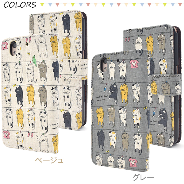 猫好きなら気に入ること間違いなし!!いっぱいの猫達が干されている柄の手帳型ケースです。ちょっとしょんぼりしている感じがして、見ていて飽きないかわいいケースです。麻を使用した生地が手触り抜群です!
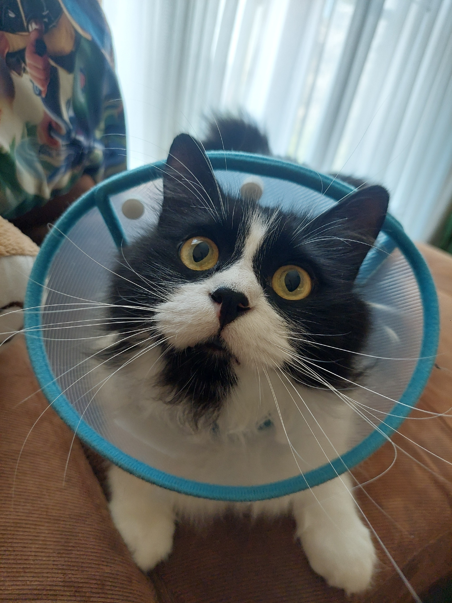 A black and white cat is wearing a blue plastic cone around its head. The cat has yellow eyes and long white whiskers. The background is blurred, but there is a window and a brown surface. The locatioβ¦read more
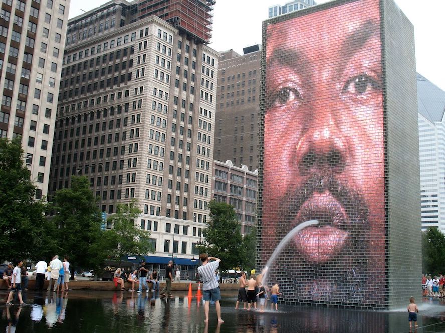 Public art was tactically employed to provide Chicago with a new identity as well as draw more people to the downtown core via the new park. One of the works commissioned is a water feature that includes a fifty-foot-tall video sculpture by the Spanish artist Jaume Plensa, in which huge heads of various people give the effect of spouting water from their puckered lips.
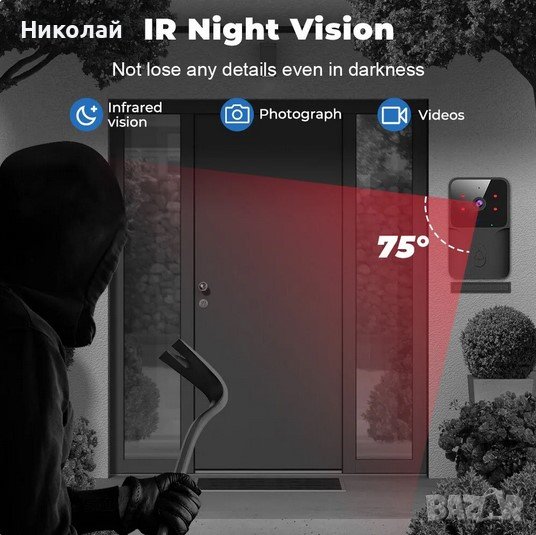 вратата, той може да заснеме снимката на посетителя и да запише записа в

* **WHAT TO WORK ON**:
Leave the pictures out and print the whole listing precisely.

* **ANSWER AREA**:
 猫好きなら気に入ること間違いなし!!いっぱいの猫達が干されている柄の手帳型ケースです。ちょっとしょんぼりしている感じがして、見ていて飽きないかわいいケースです。麻を使用した生地が手触り抜群です!
 A black and white cat is wearing a blue plastic cone around its head. The cat has yellow eyes and long white whiskers. The background is blurred, but there is a window and a brown surface. The locatioβ¦read more
 Public art was tactically employed to provide Chicago with a new identity as well as draw more people to the downtown core via the new park. One of the works commissioned is a water feature that includes a fifty-foot-tall video sculpture by the Spanish artist Jaume Plensa, in which huge heads of various people give the effect of spouting water from their puckered lips.
 вратата, той може да заснеме снимката на посетителя и да запише записа в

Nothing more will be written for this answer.